WHAT IS EXPECTED: Reproduce the data exactly as given, except for any images.

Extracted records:
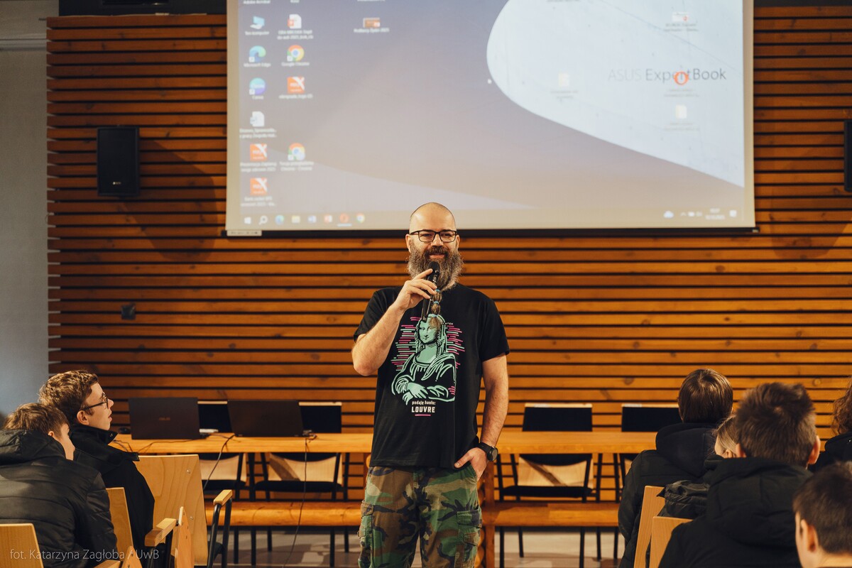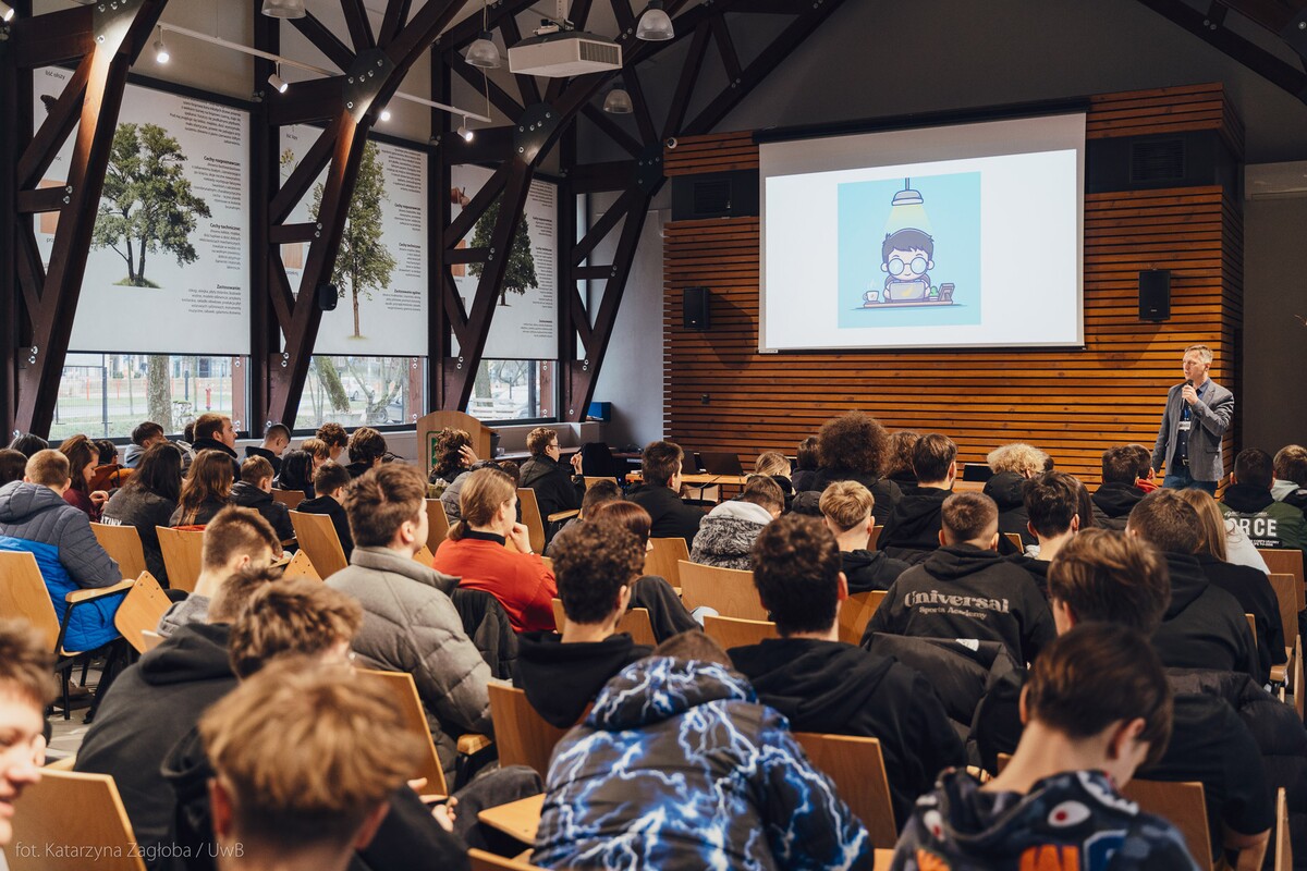 Z kolei Doktor Adam Naumowicz z Wydziału Informatyki opowiadał o przyszłości branży IT, wpływowi sztucznej inteligencji na rynek pracy oraz o tym, jakie kompetencje będą najcenniejsze w nadchodzących latach. Uczniowie uzyskali praktyczną wiedzę na temat realiów pracy informatyka oraz możliwych ścieżek rozwoju.
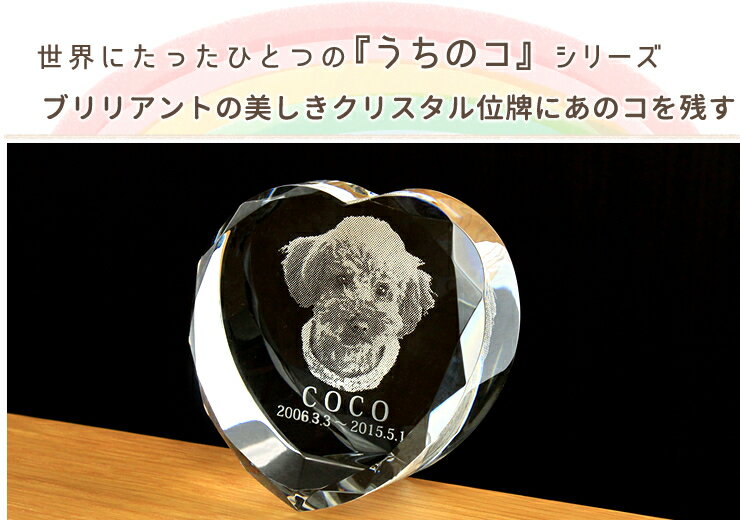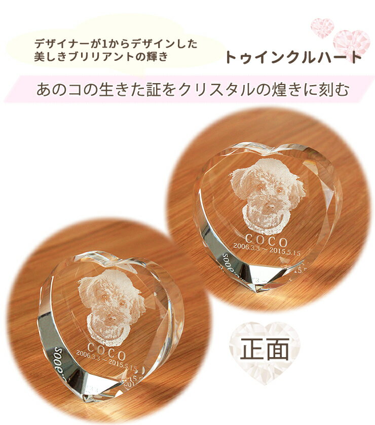 【クーポン有】 クリスタル ペット 位牌 カットの美しいクリスタル位牌『トゥインクルハート』透明 きらきら ペット供養 サンドブラスト きれい かわいい 写真立 フォトフレーム ペット位牌 形見 メモリアル キラキラ
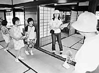 観光客に人気の外村宇兵衛家では▽門を入ってすぐの川戸は洗い場として利用され、食べ残しのご飯粒などを餌にして魚が飼われていた▽畳は穂先の細い部分だけを使って作られたもので、現在では一枚五十万円もする価値のあるもの▽屋敷が百四十年もの間変わらないのは、良い材質の柱を使っていること、大小互い違いに部屋割りし、柱の数を多くしていることなどの工夫から・・など数多くの知識をガイドが伝授。児童たちは持参したファイルに熱心にメモを取りながら、説明に耳を傾けていた。
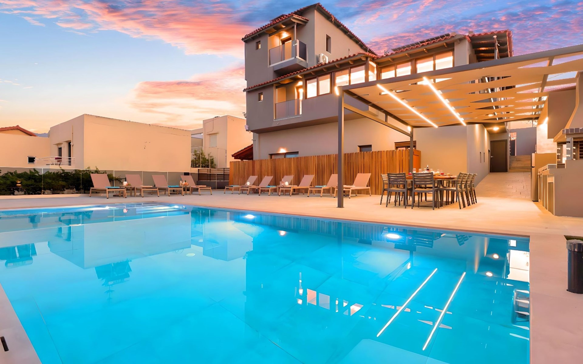 Im Inneren ist die Residenz komplett ausgestattet, um all Ihre Bedürfnisse zu erfüllen. Mit fünf Schlafzimmern und vier Badezimmern ist sichergestellt, dass Privatsphäre und Komfort nie zu kurz kommen. Jedes Zimmer ist mit einer Klimaanlage ausgestattet, so dass Ihr Aufenthalt unabhängig von der Jahreszeit angenehm ist. Für Unterhaltung sorgt ein Smart-TV, perfekt für entspannte Abende nach einem Tag voller Entdeckungen. Eine Waschmaschine zur alleinigen Nutzung sorgt dafür, dass Sie sich wie zu Hause fühlen und Ihren Aufenthalt stressfrei gestalten können. Darüber hinaus ist die Küche mit einer Kaffeemaschine für Kapseln/Pods, einem Geschirrspüler und einem Wasserkocher ausgestattet, so dass Sie Ihre Mahlzeiten problemlos zubereiten können.
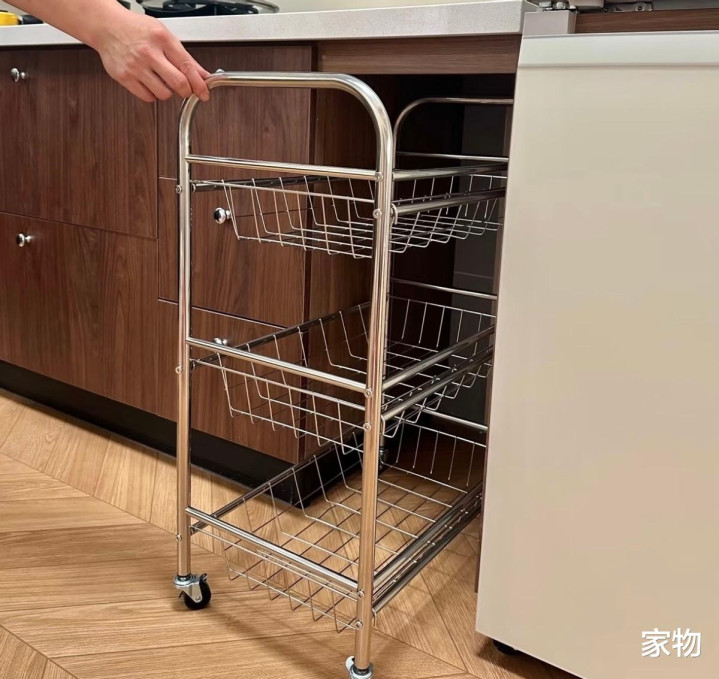 相信我,如果是这两年装修的小伙伴,应该能明白这种带轮子的小推车有多实用,在厨房留出一个小推车的位置,相当于多了一个灵活移动且充分利用纵向空间的大号拉篮,放些蔬菜罐头调味品都很合适。
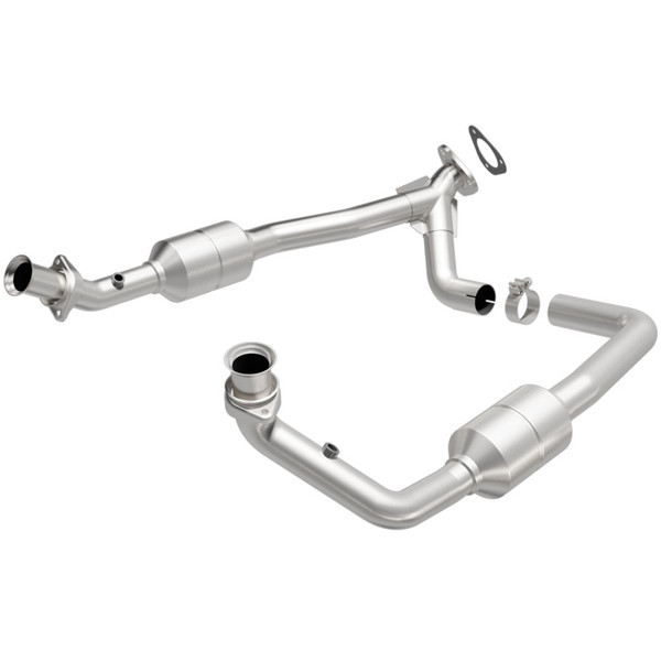 Keep the check engine light off with MagnaFlow OEM Grade Federal/EPA Compliant Direct-Fit Catalytic Converter 51378. With features including free-flowing mandrel-bent tubing and highly corrosion resistant stainless steel construction, easily install this spun body converter yourself using the proper tools, no cutting or welding required. MagnaFlow's state-of-the-art metrology department uses the latest 3D scanning systems during research and development, so you can be confident that your new part will fit and function like the original equipment. By replicating the OE spun body design, the single laser fusion weld greatly reduces the possibility of a leak, and our compact, low-mass design also allows for greater thermal efficiency. Designed to fit the 2000-2003 Ford E-350 Super Duty, 2000-2002 Ford E-250 Econoline, and more, this direct-fit catalytic converter also interchanges with OE parts 1C2Z-5F250-BA and YC2Z-5F250-AA, among others. The included gaskets & hardware reduce the possibility of a leaking seal while avoiding the need to reuse corroded factory parts for installation. This replacement part is designed to meet or exceed Federal emissions requirements set forth by the EPA, complying with legal standards for OBDII Federally registered vehicles with California or Federal/EPA Emission systems.
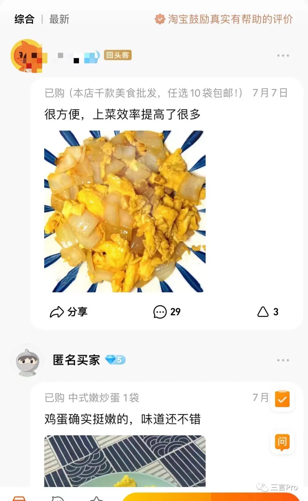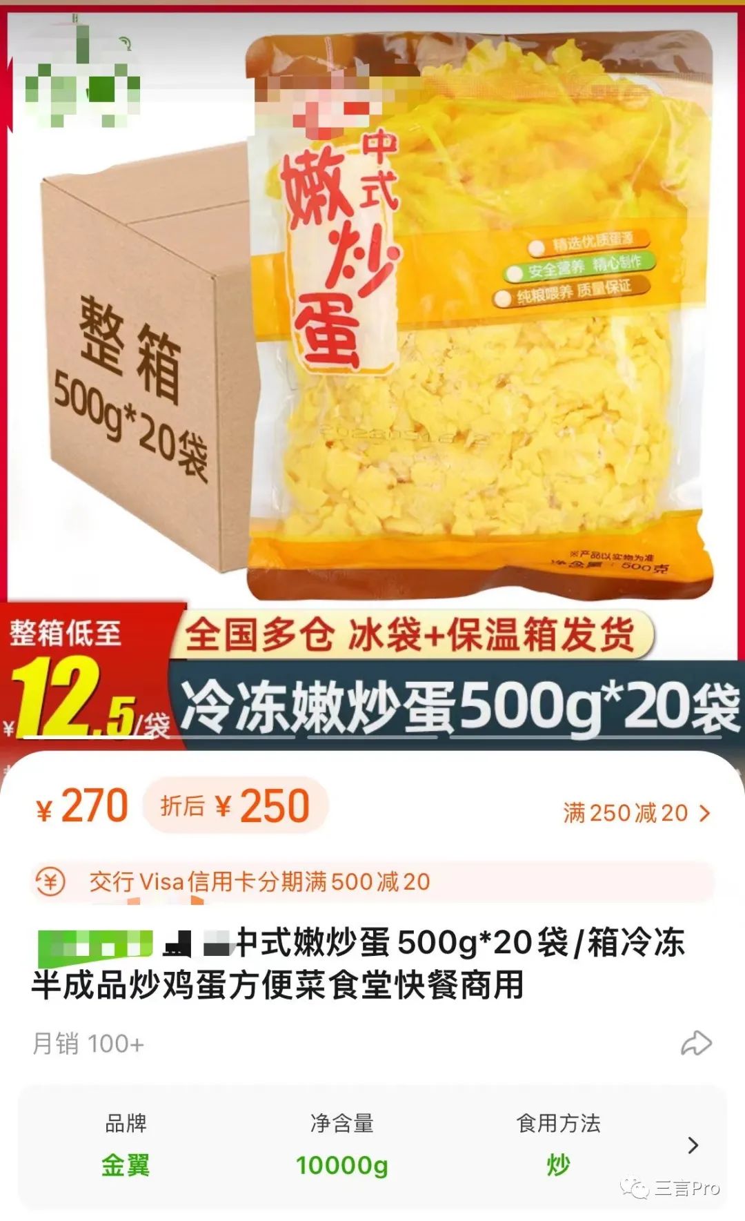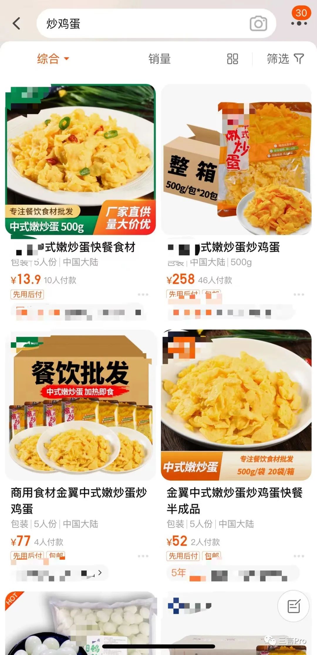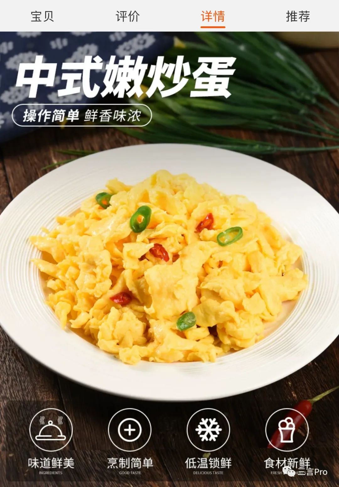 在电商平台,商家售卖的炒鸡蛋预制品主打便捷、水嫩,主要客户是餐馆饭店。

RESPONSE:
 Z kolei Doktor Adam Naumowicz z Wydziału Informatyki opowiadał o przyszłości branży IT, wpływowi sztucznej inteligencji na rynek pracy oraz o tym, jakie kompetencje będą najcenniejsze w nadchodzących latach. Uczniowie uzyskali praktyczną wiedzę na temat realiów pracy informatyka oraz możliwych ścieżek rozwoju.
 【クーポン有】 クリスタル ペット 位牌 カットの美しいクリスタル位牌『トゥインクルハート』透明 きらきら ペット供養 サンドブラスト きれい かわいい 写真立 フォトフレーム ペット位牌 形見 メモリアル キラキラ
 観光客に人気の外村宇兵衛家では▽門を入ってすぐの川戸は洗い場として利用され、食べ残しのご飯粒などを餌にして魚が飼われていた▽畳は穂先の細い部分だけを使って作られたもので、現在では一枚五十万円もする価値のあるもの▽屋敷が百四十年もの間変わらないのは、良い材質の柱を使っていること、大小互い違いに部屋割りし、柱の数を多くしていることなどの工夫から・・など数多くの知識をガイドが伝授。児童たちは持参したファイルに熱心にメモを取りながら、説明に耳を傾けていた。
 Im Inneren ist die Residenz komplett ausgestattet, um all Ihre Bedürfnisse zu erfüllen. Mit fünf Schlafzimmern und vier Badezimmern ist sichergestellt, dass Privatsphäre und Komfort nie zu kurz kommen. Jedes Zimmer ist mit einer Klimaanlage ausgestattet, so dass Ihr Aufenthalt unabhängig von der Jahreszeit angenehm ist. Für Unterhaltung sorgt ein Smart-TV, perfekt für entspannte Abende nach einem Tag voller Entdeckungen. Eine Waschmaschine zur alleinigen Nutzung sorgt dafür, dass Sie sich wie zu Hause fühlen und Ihren Aufenthalt stressfrei gestalten können. Darüber hinaus ist die Küche mit einer Kaffeemaschine für Kapseln/Pods, einem Geschirrspüler und einem Wasserkocher ausgestattet, so dass Sie Ihre Mahlzeiten problemlos zubereiten können.
 相信我,如果是这两年装修的小伙伴,应该能明白这种带轮子的小推车有多实用,在厨房留出一个小推车的位置,相当于多了一个灵活移动且充分利用纵向空间的大号拉篮,放些蔬菜罐头调味品都很合适。
 Keep the check engine light off with MagnaFlow OEM Grade Federal/EPA Compliant Direct-Fit Catalytic Converter 51378. With features including free-flowing mandrel-bent tubing and highly corrosion resistant stainless steel construction, easily install this spun body converter yourself using the proper tools, no cutting or welding required. MagnaFlow's state-of-the-art metrology department uses the latest 3D scanning systems during research and development, so you can be confident that your new part will fit and function like the original equipment. By replicating the OE spun body design, the single laser fusion weld greatly reduces the possibility of a leak, and our compact, low-mass design also allows for greater thermal efficiency. Designed to fit the 2000-2003 Ford E-350 Super Duty, 2000-2002 Ford E-250 Econoline, and more, this direct-fit catalytic converter also interchanges with OE parts 1C2Z-5F250-BA and YC2Z-5F250-AA, among others. The included gaskets & hardware reduce the possibility of a leaking seal while avoiding the need to reuse corroded factory parts for installation. This replacement part is designed to meet or exceed Federal emissions requirements set forth by the EPA, complying with legal standards for OBDII Federally registered vehicles with California or Federal/EPA Emission systems.
 在电商平台,商家售卖的炒鸡蛋预制品主打便捷、水嫩,主要客户是餐馆饭店。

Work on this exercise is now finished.